What is at the top of this top down hierarchy? Is the intelligible dependent on an intelligible being? What is the divine which constitutes an irreducible explanatory category? Earlier in the thread you said:

Quoting Wayfarer
'The gods' are, of course, those of the Greek pantheon, but from comparative religion, we learn that have much in common with the other Indo-European cultures, so there are parallels with the Indian pantheon. But in this case, they represent 'the divine'


What does it mean to conceive of the divine in personal terms?


Wayfarer July 13, 2024 at 23:40 #917119
Quoting Fooloso4
What is at the top of this top down hierarchy? Is the intelligible dependent on an intelligible being? What is the divine which constitutes an irreducible explanatory category?

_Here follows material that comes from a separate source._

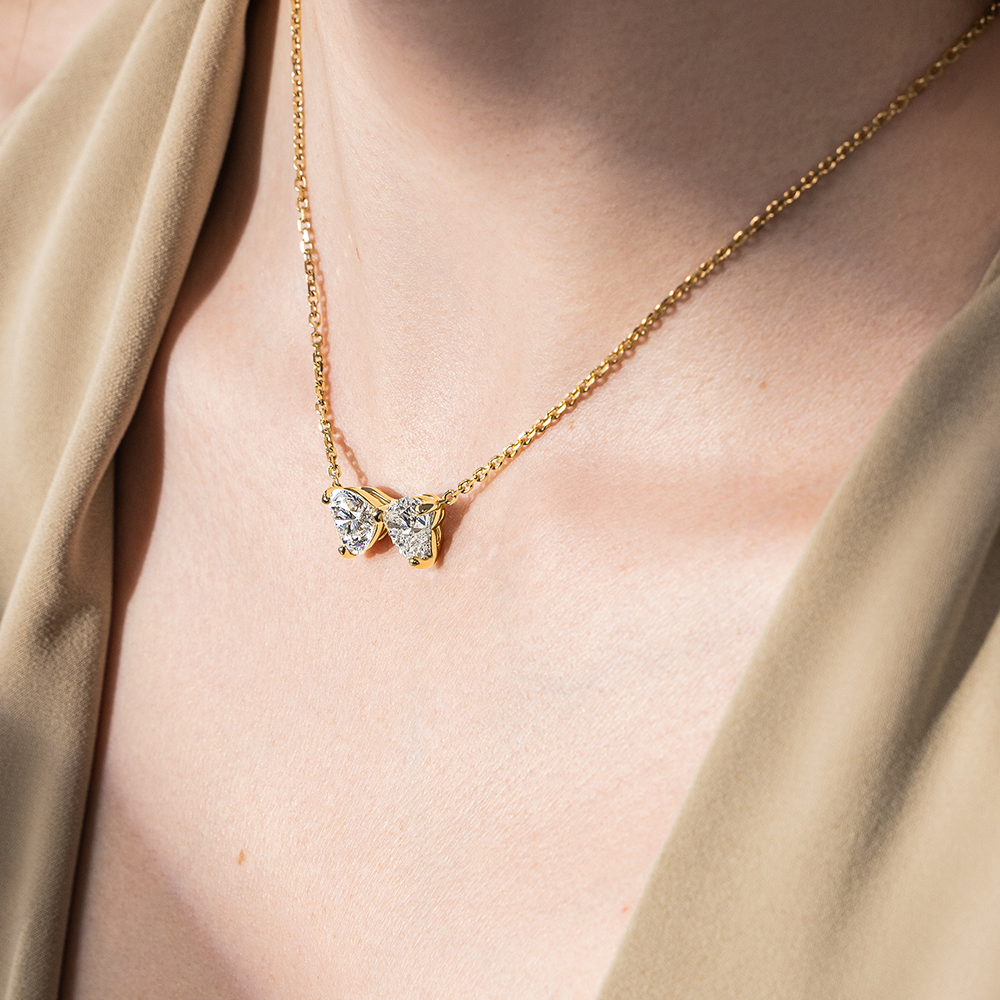 Herzförmige Halskette mit Schmetterling aus Gelbgold

As you (and @Paine) will well know, in Plato, the source or upmost level of the hierarchy of being was 'the idea of the Good'. The Idea of the Good, primarily discussed in the Republic, is the highest and most important of the Forms, the ultimate principle that gives meaning and intelligibility to all other Forms and to the material world. The Good is the source of all reality and knowledge, for which the Sun is an analogy in the Allegory of the Cave. Plotinus, building on and reinterpreting Plato, posits "the One" (ta hen) as the ultimate principle, which is even beyond the Idea of the Good. The One is the absolute, transcendent source of all reality, beyond existence and discursive ideation, the ineffable and indescribable foundation from which everything emanates. In Plotinus' system, the One generates the Divine Mind (Nous), which contains the Forms, and from the Nous emanates the World Soul, which in turn gives rise to the material world.

Quoting Fooloso4
Earlier in the thread you said: 'The gods' are, of course, those of the Greek pantheon, but from comparative religion, we learn that have much in common with the other Indo-European cultures, so there are parallels with the Indian pantheon. But in this case, they represent 'the divine'
— Wayfarer

What does it mean to conceive of the divine in personal terms?


As you will also know, many elements of Platonism were absorbed into Christian theology by the early Greek-speaking theologians such as Clement of Alexandria, Origen, Augustine, and (Pseudo)Dionysius. It was also transformed so as to be compatible with Biblical revelation - no easy synthesis, and often with tension between them ('what has Athens to do with Jerusalem?') In any case, this is where elements of Plotinus philosophy of the One became identified with, or subsumed by, the God of Biblical revelation. Not that Plotinus would ever countenance that.

According to Dean Inge, the principle distinction between Plotinus and Christian mysticism is between Plotinus' 'henosis' (absorption into the One) and the Christian 'theosis' in which the soul is said to attain immortality whilst also maintaining an identity. (Even now, there are debates between Christians as to whether and in what sense God is personal - the distinction between 'theistic personalism and 'classical theism'.)

As far as 'the Gods' were concerned, in later neoplatonism they become identified as the Henads, intermediaries between the One and the human realm. Plotinus did not use that terminology, and like Plato tended to speak of 'the gods' as being symbolic of forces and powers. But scattered throughout the Platonic dialogues are references to paying obeisances or respect to the Gods. That doesn't make Plato "a believer" - perish the thought! - but I think it's reasonable to say that references to the Gods are a kind of shorthand for the divine, however conceived.